WHAT IS REQUIRED | Take the lines of the data below from the very first through the line containing "事發第一現場零件散了一地,旁" and output them exactly, pictures excluded.

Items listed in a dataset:
——————————

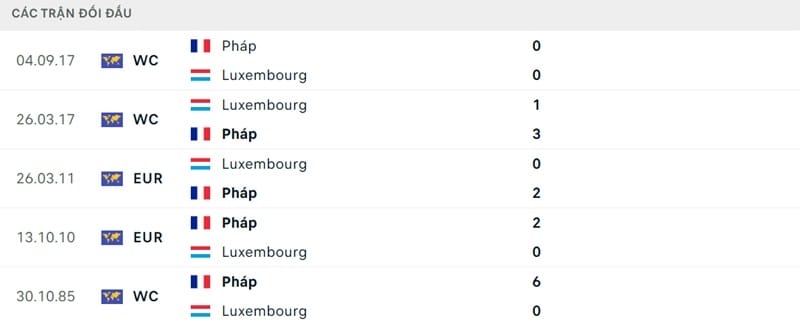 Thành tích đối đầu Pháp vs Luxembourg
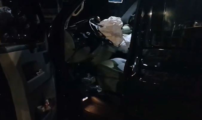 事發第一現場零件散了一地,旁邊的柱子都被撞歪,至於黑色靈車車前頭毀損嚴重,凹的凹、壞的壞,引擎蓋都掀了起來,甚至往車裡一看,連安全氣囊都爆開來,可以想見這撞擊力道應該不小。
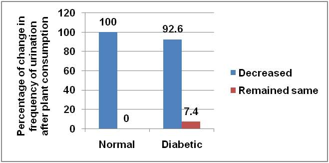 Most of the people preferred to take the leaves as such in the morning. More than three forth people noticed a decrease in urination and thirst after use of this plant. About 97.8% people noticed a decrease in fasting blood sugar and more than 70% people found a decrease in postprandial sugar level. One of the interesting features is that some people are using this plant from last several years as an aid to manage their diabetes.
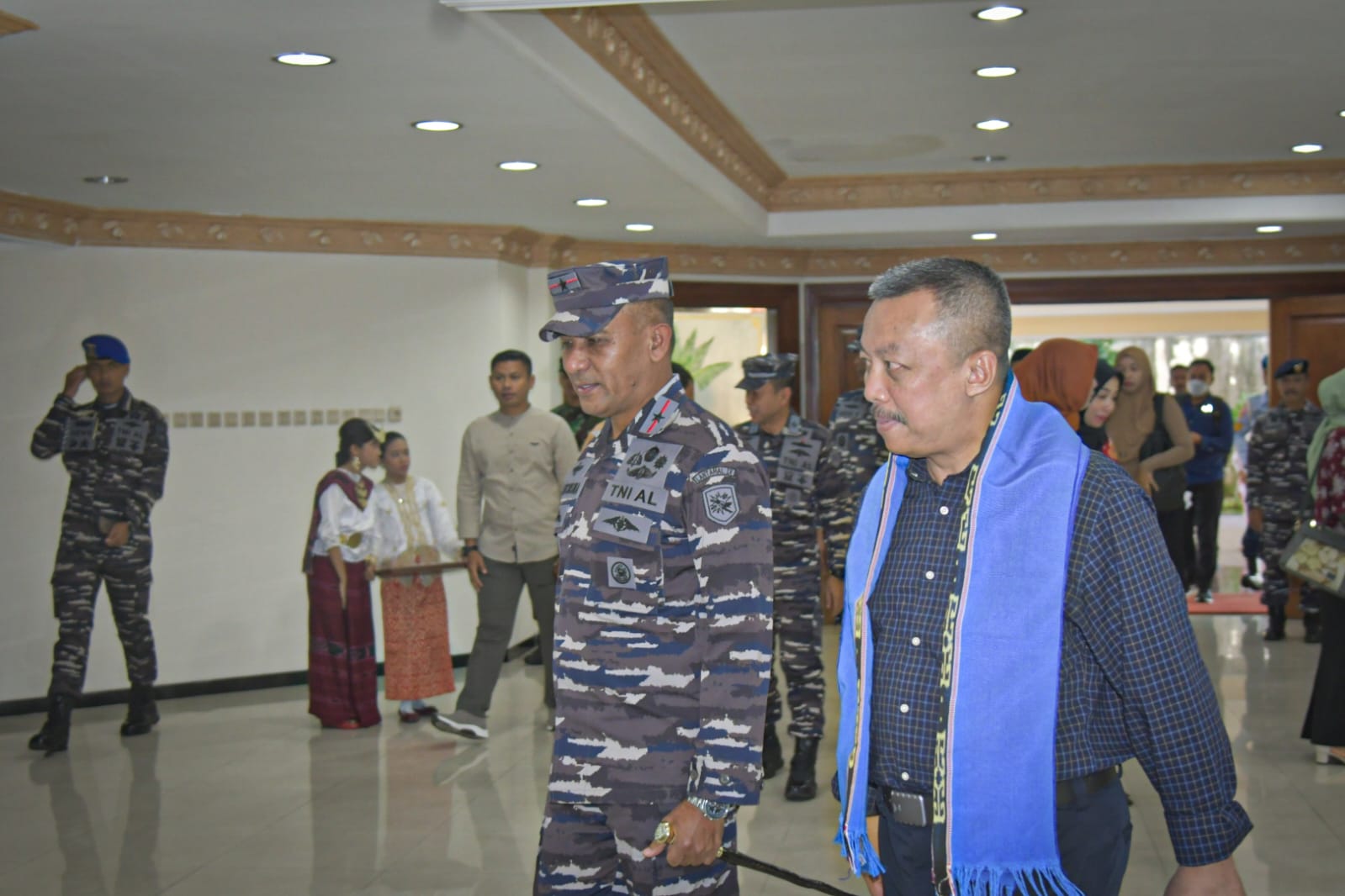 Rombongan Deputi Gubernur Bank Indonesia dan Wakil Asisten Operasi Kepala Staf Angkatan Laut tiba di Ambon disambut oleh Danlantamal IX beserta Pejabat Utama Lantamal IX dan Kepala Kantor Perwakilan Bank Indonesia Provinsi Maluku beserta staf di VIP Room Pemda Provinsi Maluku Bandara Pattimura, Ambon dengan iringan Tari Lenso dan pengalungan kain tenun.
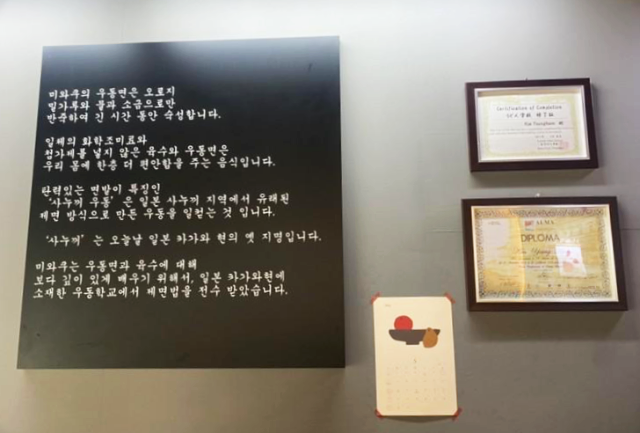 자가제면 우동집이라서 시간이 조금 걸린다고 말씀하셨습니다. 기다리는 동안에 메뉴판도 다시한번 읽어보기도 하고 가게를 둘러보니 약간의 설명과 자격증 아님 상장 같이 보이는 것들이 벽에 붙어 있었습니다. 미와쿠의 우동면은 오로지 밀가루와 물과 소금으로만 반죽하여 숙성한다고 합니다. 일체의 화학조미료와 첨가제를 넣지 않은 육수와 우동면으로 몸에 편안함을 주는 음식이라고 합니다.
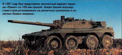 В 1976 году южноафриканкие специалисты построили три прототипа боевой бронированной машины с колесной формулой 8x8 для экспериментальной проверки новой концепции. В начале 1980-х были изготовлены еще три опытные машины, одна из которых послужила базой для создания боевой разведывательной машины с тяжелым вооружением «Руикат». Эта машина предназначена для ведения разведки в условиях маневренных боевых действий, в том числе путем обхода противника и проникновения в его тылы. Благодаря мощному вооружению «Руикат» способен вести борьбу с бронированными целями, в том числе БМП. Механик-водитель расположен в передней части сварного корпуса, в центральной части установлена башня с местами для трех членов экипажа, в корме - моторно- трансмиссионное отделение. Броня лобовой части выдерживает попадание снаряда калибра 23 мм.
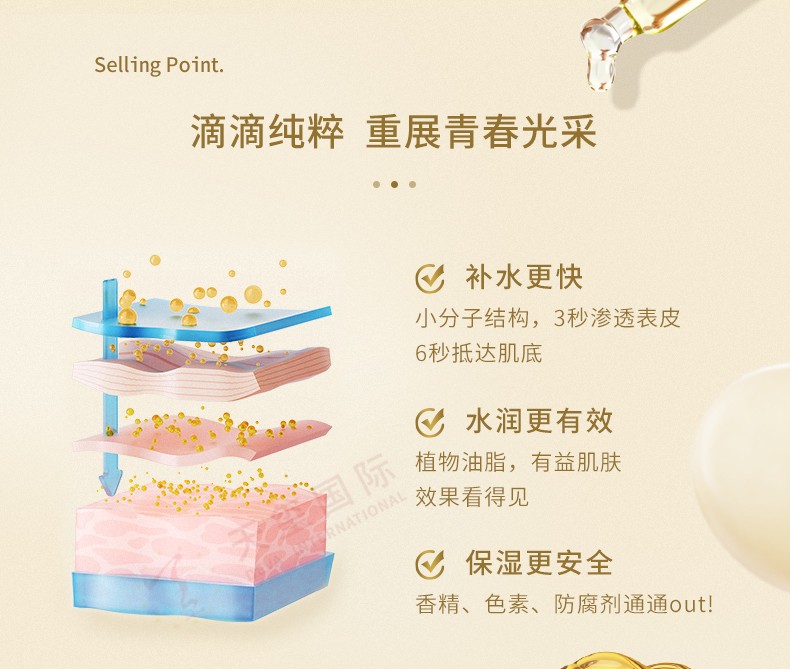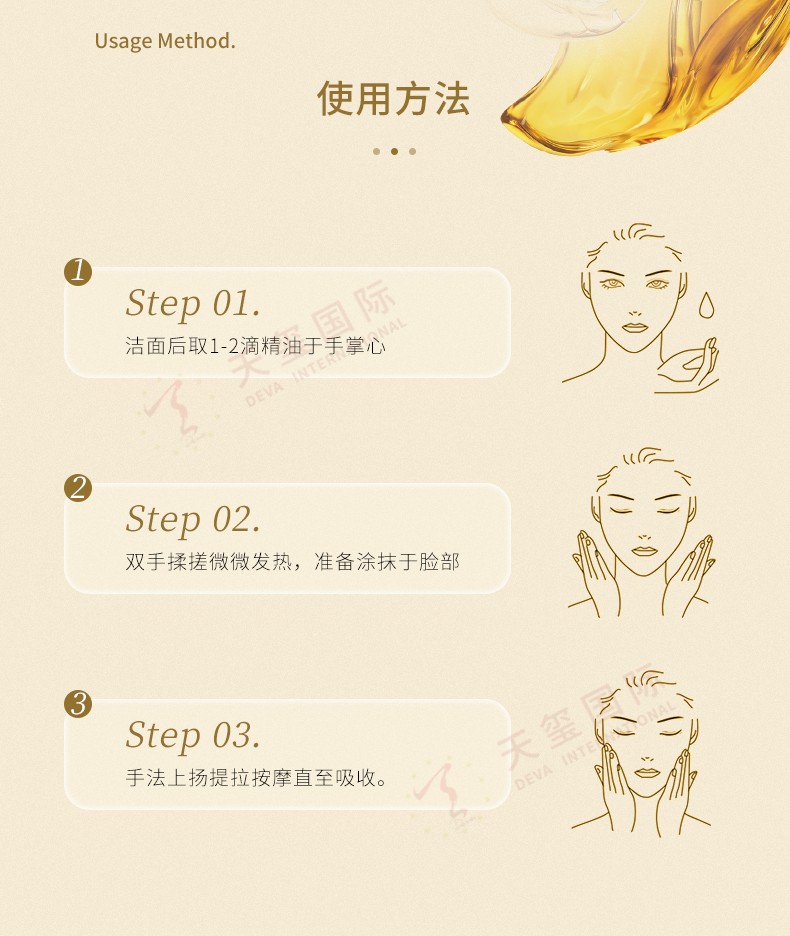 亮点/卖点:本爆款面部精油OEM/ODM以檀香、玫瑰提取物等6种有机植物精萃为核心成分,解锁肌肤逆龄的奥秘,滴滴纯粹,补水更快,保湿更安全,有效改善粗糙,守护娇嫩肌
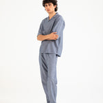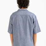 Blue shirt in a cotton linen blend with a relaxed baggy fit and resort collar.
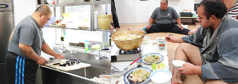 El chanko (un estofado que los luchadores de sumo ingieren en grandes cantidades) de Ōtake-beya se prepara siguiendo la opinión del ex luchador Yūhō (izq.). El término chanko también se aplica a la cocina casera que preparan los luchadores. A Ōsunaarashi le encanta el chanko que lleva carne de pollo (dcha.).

——————————

RESPONSE TO THE EXERCISE |
 Thành tích đối đầu Pháp vs Luxembourg
 事發第一現場零件散了一地,旁邊的柱子都被撞歪,至於黑色靈車車前頭毀損嚴重,凹的凹、壞的壞,引擎蓋都掀了起來,甚至往車裡一看,連安全氣囊都爆開來,可以想見這撞擊力道應該不小。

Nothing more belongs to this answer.